Profesor de Finanzas e Historia Económica, Director del Centro de Estudios de Historia Económica y miembro del Comité Académico del Máster de Finanzas de la Universidad del CEMA (UCEMA). Profesor de finanzas en la Escuela de Negocios Stern de la Universidad de Nueva York (2013-14). Licenciado en Economía UBA (1985) Master of Business Administration (MBA) de la la Universidad de Chicago (1990). Autor de numerosos libros y artículos académicos sobre historia, economía y finanzas.
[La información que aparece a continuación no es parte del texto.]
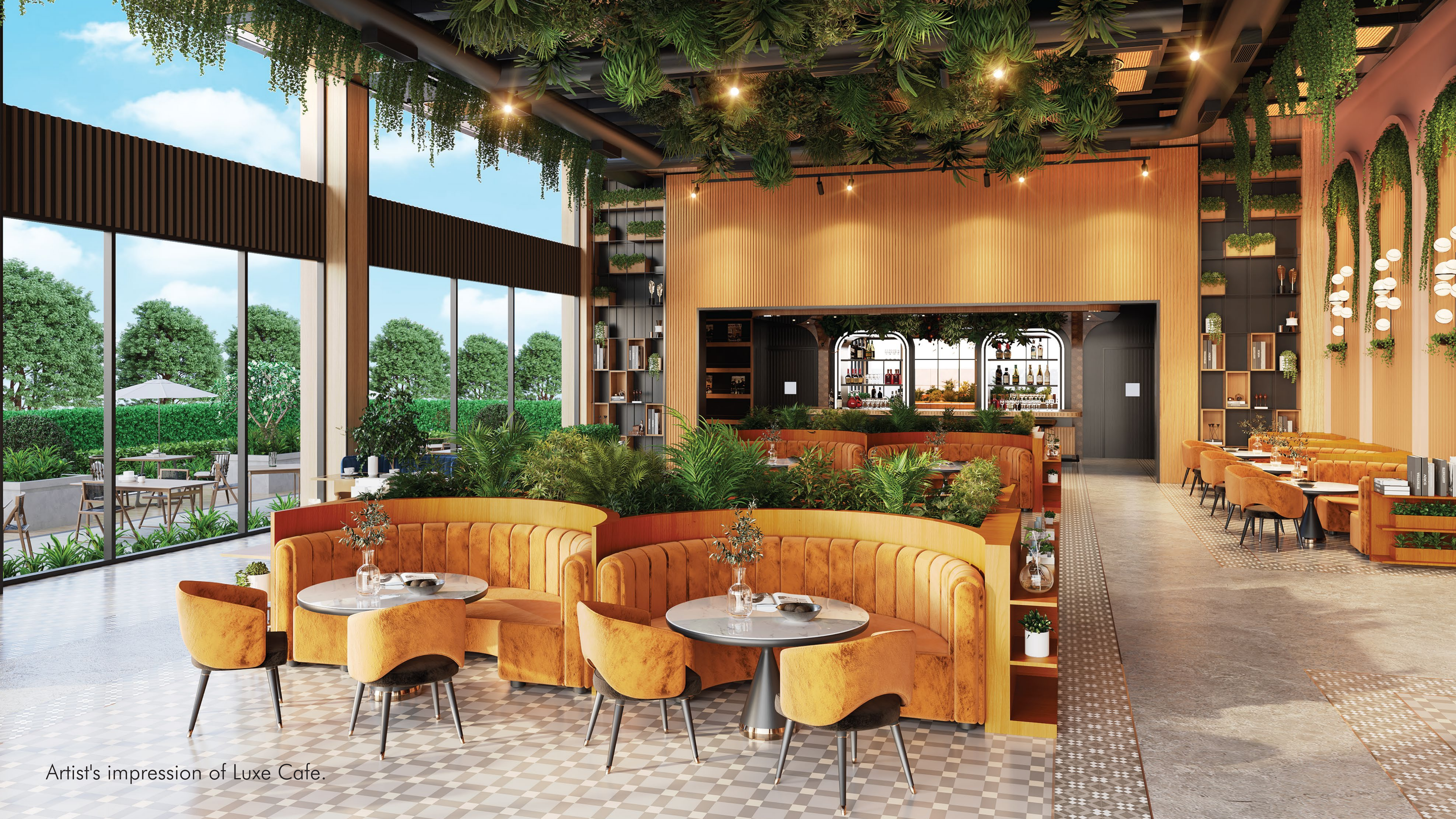
Artist's impression of Luxe Cafe.
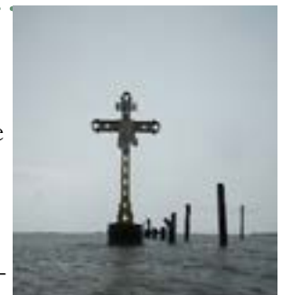
Hurricane Katrina Memorial St. Bernard Parish
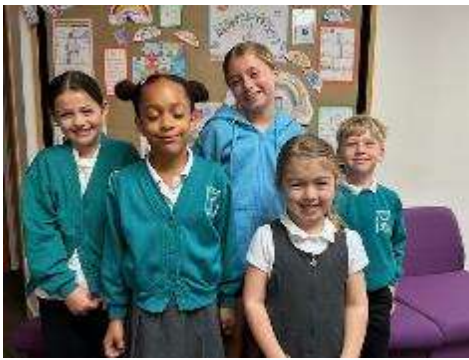
Friday 26 September

Congratulations to these children who received the Star of the Week Award from their class teachers over the first weeks of term. They have been working hard and displaying the right attitudes and values of the school, including being Ready, Respectful and Safe. You can also find their picture on the school's website.

Una nueva crisis sacude la economía argentina. Es prematuro evaluar la gravedad de sus consecuencias, aunque indudablemente serán negativas, al menos en el corto plazo. Los partidarios del gobierno se sienten desilusionados, los opositores huelen sangre, y, a pesar de que estamos todos más pobres, se regocijan con un ridículo schadenfreude. Mientras algunos argentinos se preguntan a cuánto se disparará el dólar, una gran mayoría se pregunta cómo hacer para llegar a fin de mes. En realidad, la pregunta que deberíamos hacernos es por qué habiendo tenido tantas crisis (quizás muchas más que cualquier país comparable) no hemos aprendido cómo evitarlas. Especialmente porque el costo de nuestros errores de política económica ha sido altísimo.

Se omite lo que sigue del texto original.